In particular, for BPF ingress/egress filtering this may have more
concerning implications: network traffic which is supposed to be
filtered will -- for a very brief period of time -- not be filtered or
subject to any restrictions imposed by BPF.
These BPF programs are fundamentally attached to a cgroup lifetime, not
our unit lifetime, so it's enough to pin these programs by taking a
reference to affected BPF programs before reload/reexec. We can then
serialise the program's kernel-facing FD and cgroup attachment FD for
the new daemon, and have the daemon on the other side unpin the programs
after it's finished with coldplug.
That means that, for example, the BPF program lifecycle during
daemon-reload or daemon-reexec changes from this:
manager_clear_jobs_and_units
│
╔══════╪═════════╤═══════╗
║ prog │ no prog │ prog' ║
╚══════╧═════════╪═══════╝
│
manager_coldplug
to this:
manager_clear_jobs_and_units manager_dispatch_cgroup_realize_queue
│ │
╔══════╪═══════════════╤═══════════════════════╪═══════╗
║ prog │ prog (orphan) │ prog (orphan) + prog' │ prog' ║
╚══════╧═══════════════╪═══════════════════════╧═══════╝
│
manager_coldplug
For daemon-reexec the semantics are mostly the same, but the point at
which the program becomes orphan is tied to the process lifecycle
instead.
None of the BPF programs we install require exclusive access, so having
multiple instances of them running at the same time is fine. Custom
programs, of course, are unknown, but it's hard to imagine legitimate
cases which should be affected, whereas the benefits of this "overlap"

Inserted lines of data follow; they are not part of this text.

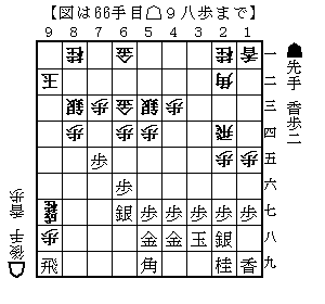 ▲8九飛に△8七香。この瞬間に狙いの▲9五香を放つ。
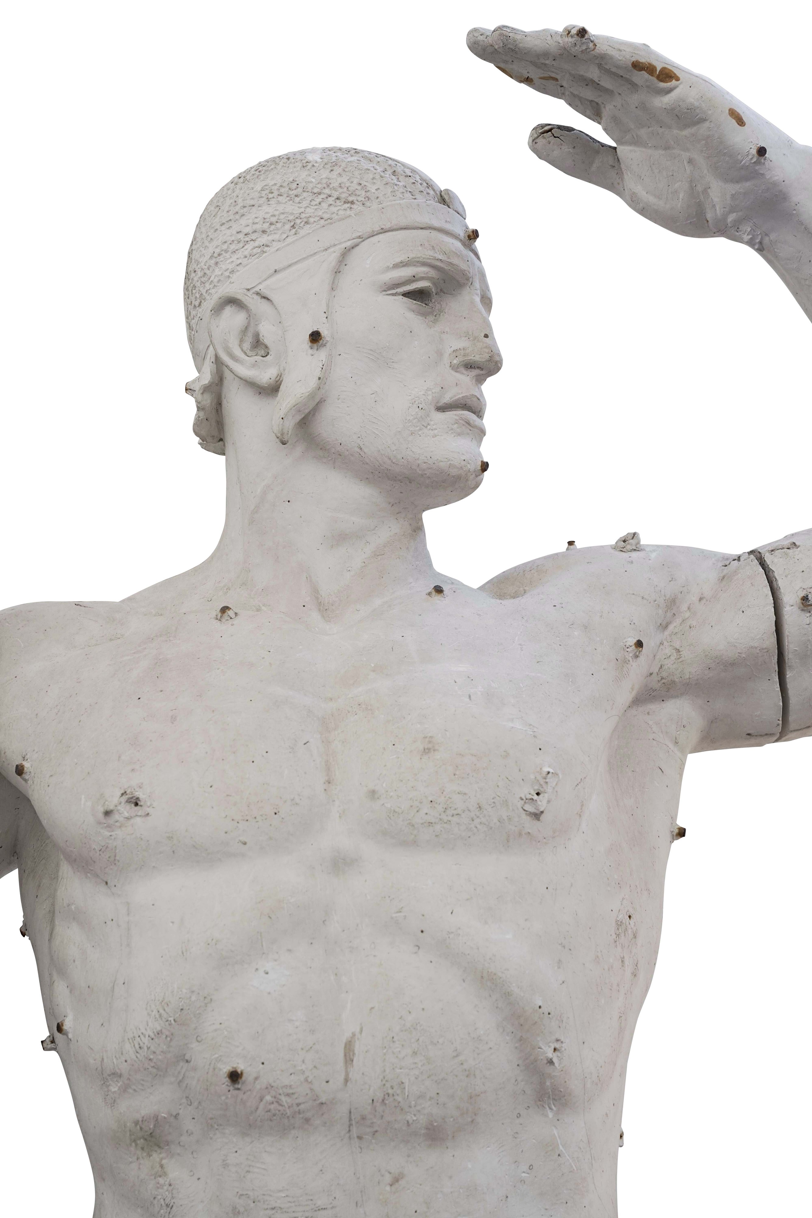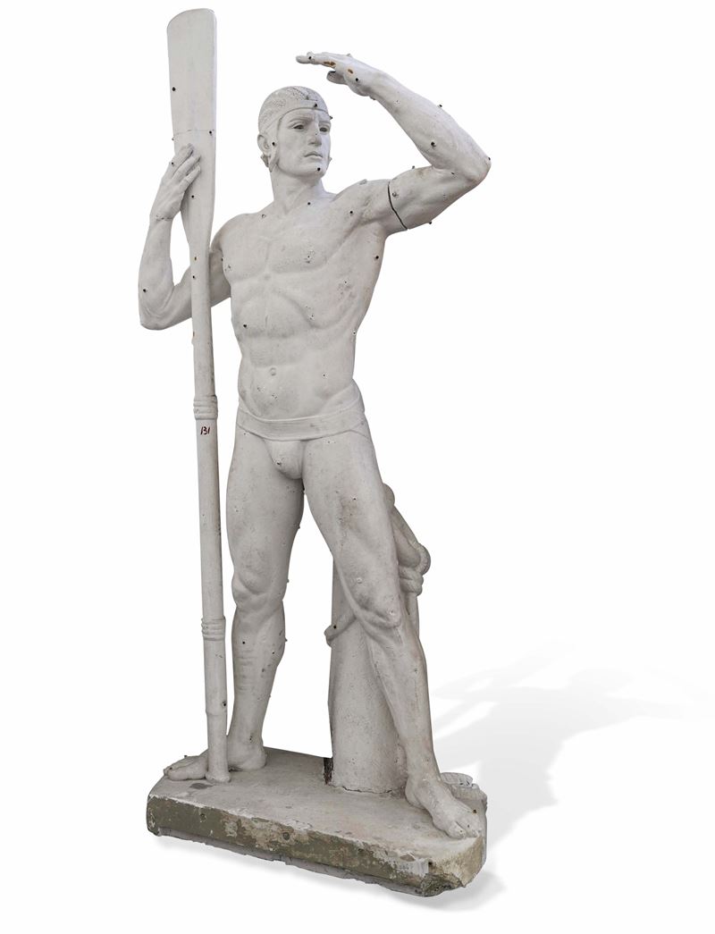 La statua colossale del « Navigatore » (Marina della Foce, Genova), forte e serena raffigurazione dell’uomo ligure di mare: rude, tenace e semplice, che, armato di un pesante remo, scruta l'orizzonte lontano, a guardia ideale del suo porto e della sua città. La prepotente anatomia muscolare del torace e dei bicipiti, delineata e modellata con forza ma senza esagerazioni, è chiaramente allusiva alla potente capacità operativa e manovriera dei pesanti antichi remi lignei. armati di robusto cuoio. (Vitaliano Rocchiero)
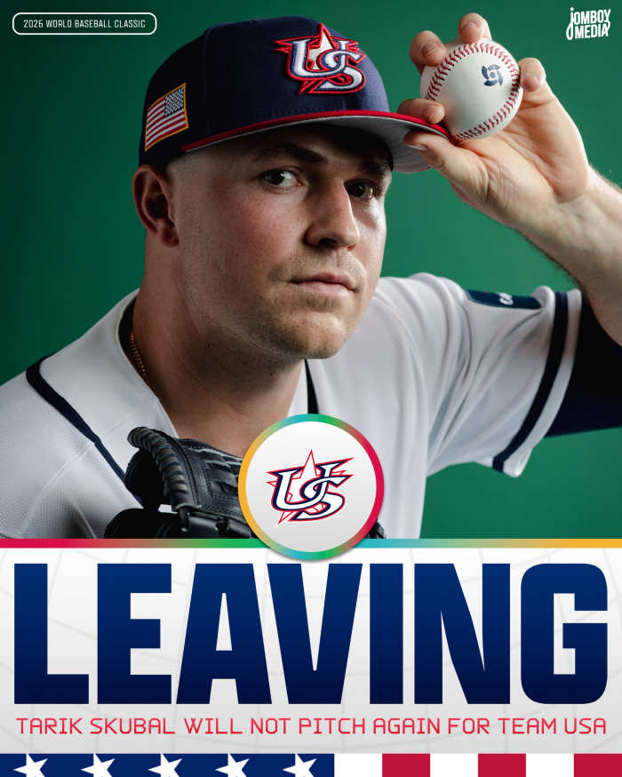 [스포츠조선 강우진 기자]메이저리그 사이영상에 빛나는 타릭 스쿠발이 결국 미국 대표팀을 떠난다. 당초 월드 베이스볼 클래식(WBC)에서 1경기만 등판하겠다는 계획을 그대로 유지한 것이다.
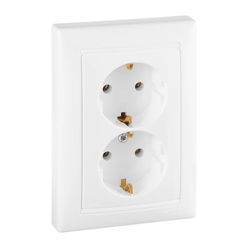 Розетка с/у Valena 694272, 2 гнезда, с/з, 16А, белая
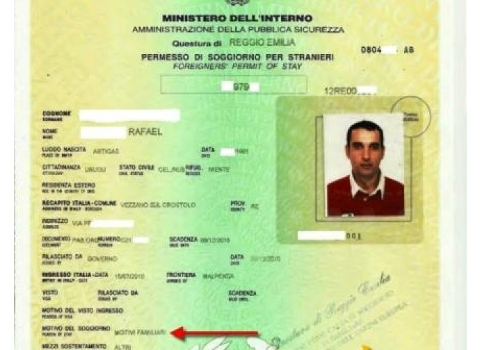 Il permesso di soggiorno è comune a tanti altri. Comune alle migliaia di carte che vengono concesse nel nostro Paese per favorire il ricongiungimento di due coniugi extracomunitari, spesso il marito che è venuto in Italia a cercare fortuna, lasciando a casa la moglie e i figli.
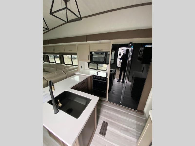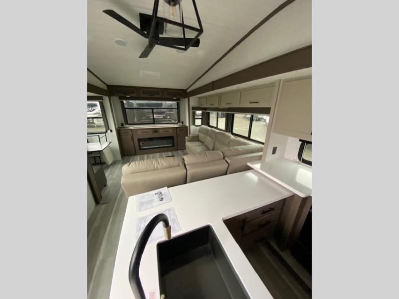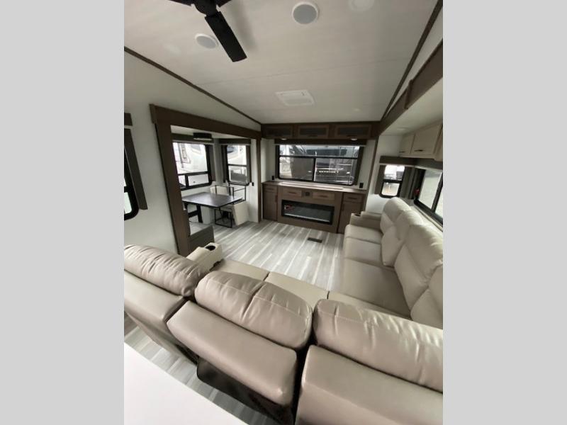 Time at the campground will be spent in comfort thanks to this fifth wheel that can sleep four to six people comfortably. The rear living area/den includes a huge L-shaped sofa with theater seats and a king tri-fold sofa, plus a free-standing dinette with an ottoman on one side, a fireplace, and an LED HDTV for movie nights. The chef of your group will love the additional counter space in the kitchen, along with a 21" Furrion range, plus a pantry and 16 cu. ft. 12V refrigerator. The full bath allows you to clean up each day and the front private bedroom will provide you with your own space at night. Here, you'll find a queen bed slide out that can optioned out for a king bed, plus a full height wardrobe, a second wardrobe with washer and dryer prep, and a dresser with a sliding top and hidden storage for valuables!
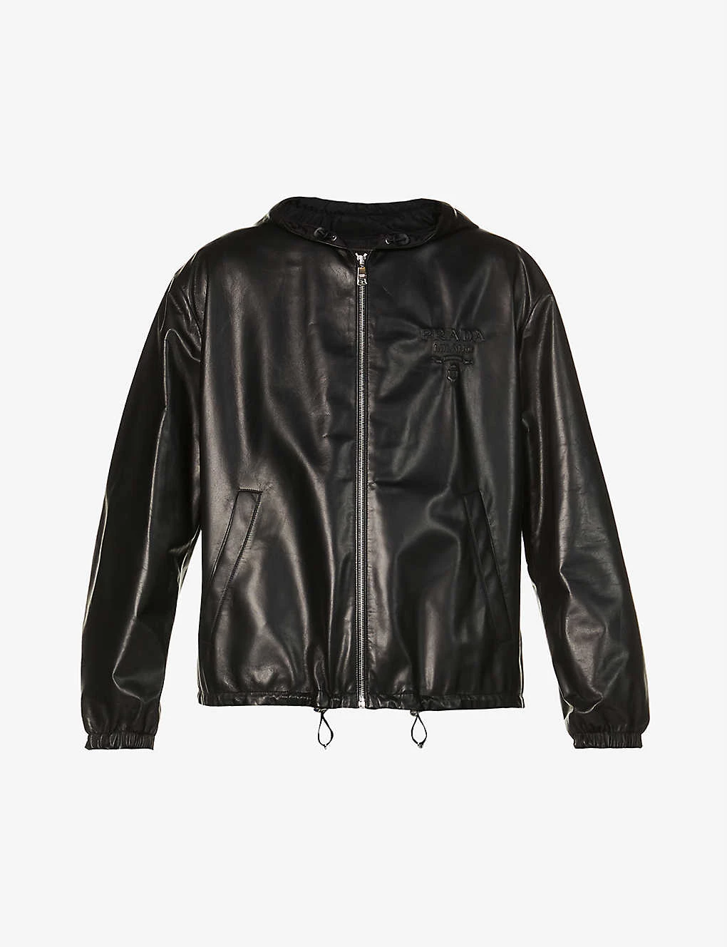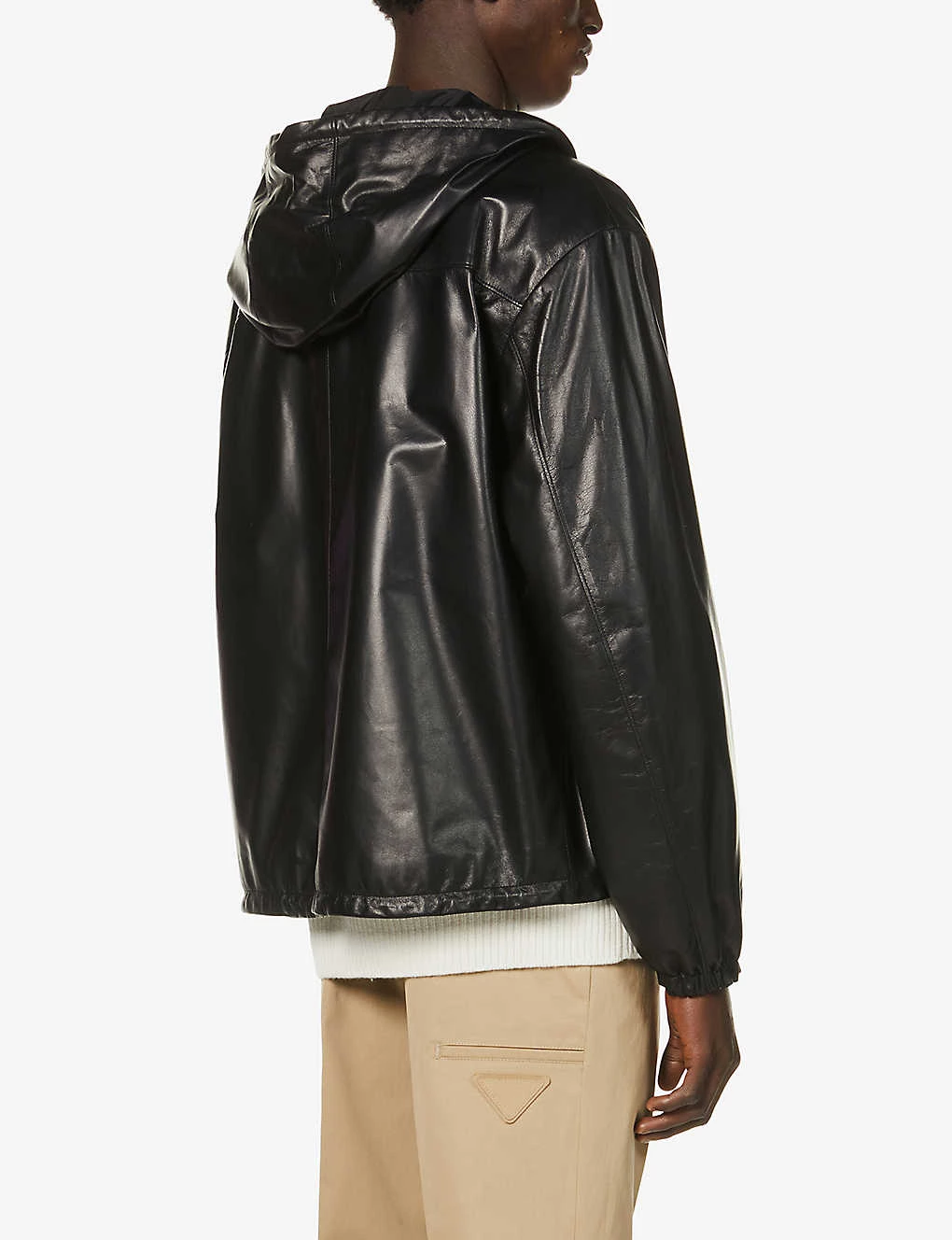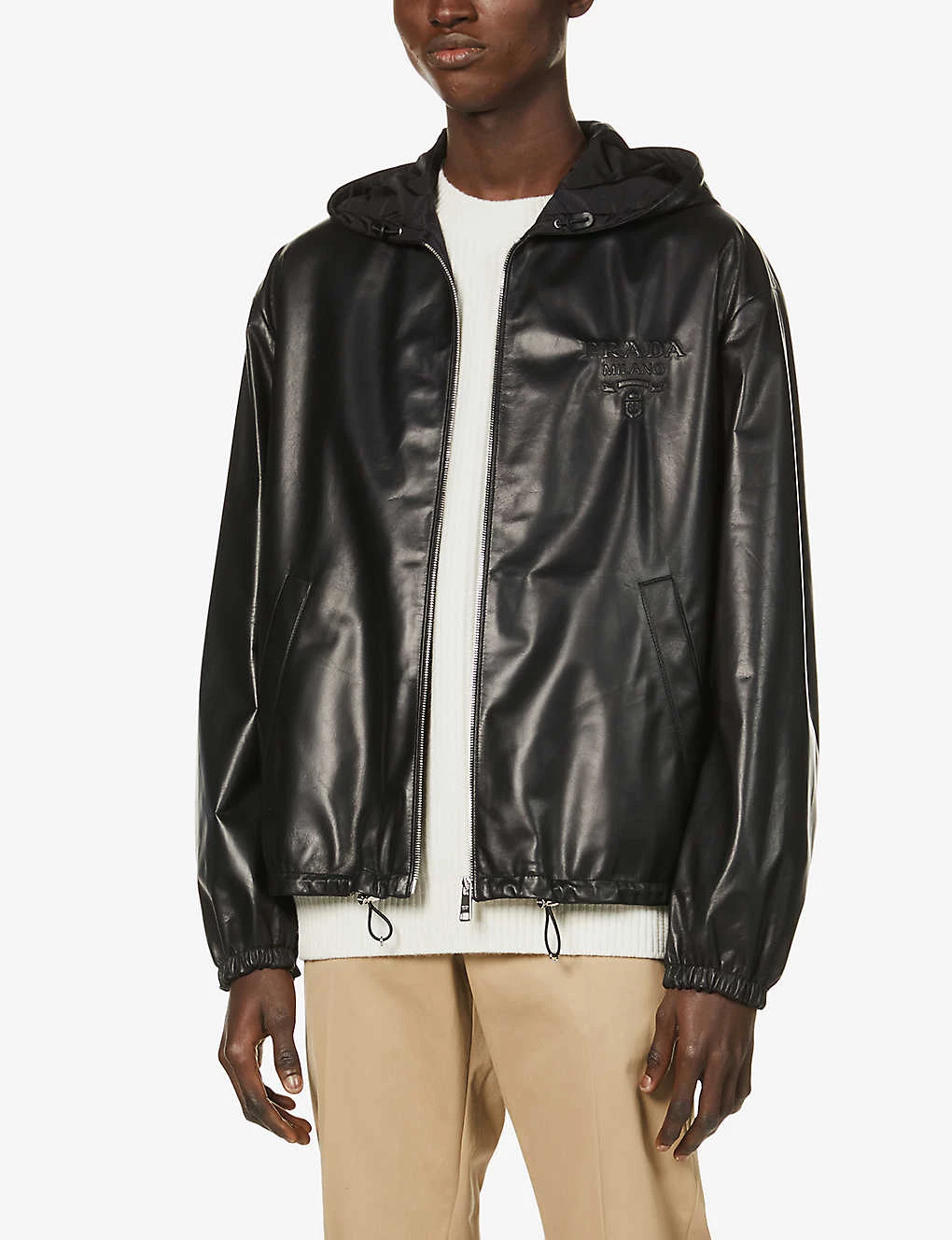 PRADA Brand-debossed Regular-fit Leather Hooded Bomber Jacket For Mens Nero

approach with reference pinning is immediately tangible.
[keszybz: use _cleanup_ for unpin, use FOREACH_POINTER]
---
src/core/main.c | 9 +++
src/core/manager.c | 163 ++++++++++++++++++++++++++++++++++++++-
src/core/manager.h | 5 ++
src/core/unit.h | 8 +-
src/shared/bpf-program.c | 10 +++
src/shared/bpf-program.h | 1 +
6 files changed, 191 insertions(+), 5 deletions(-)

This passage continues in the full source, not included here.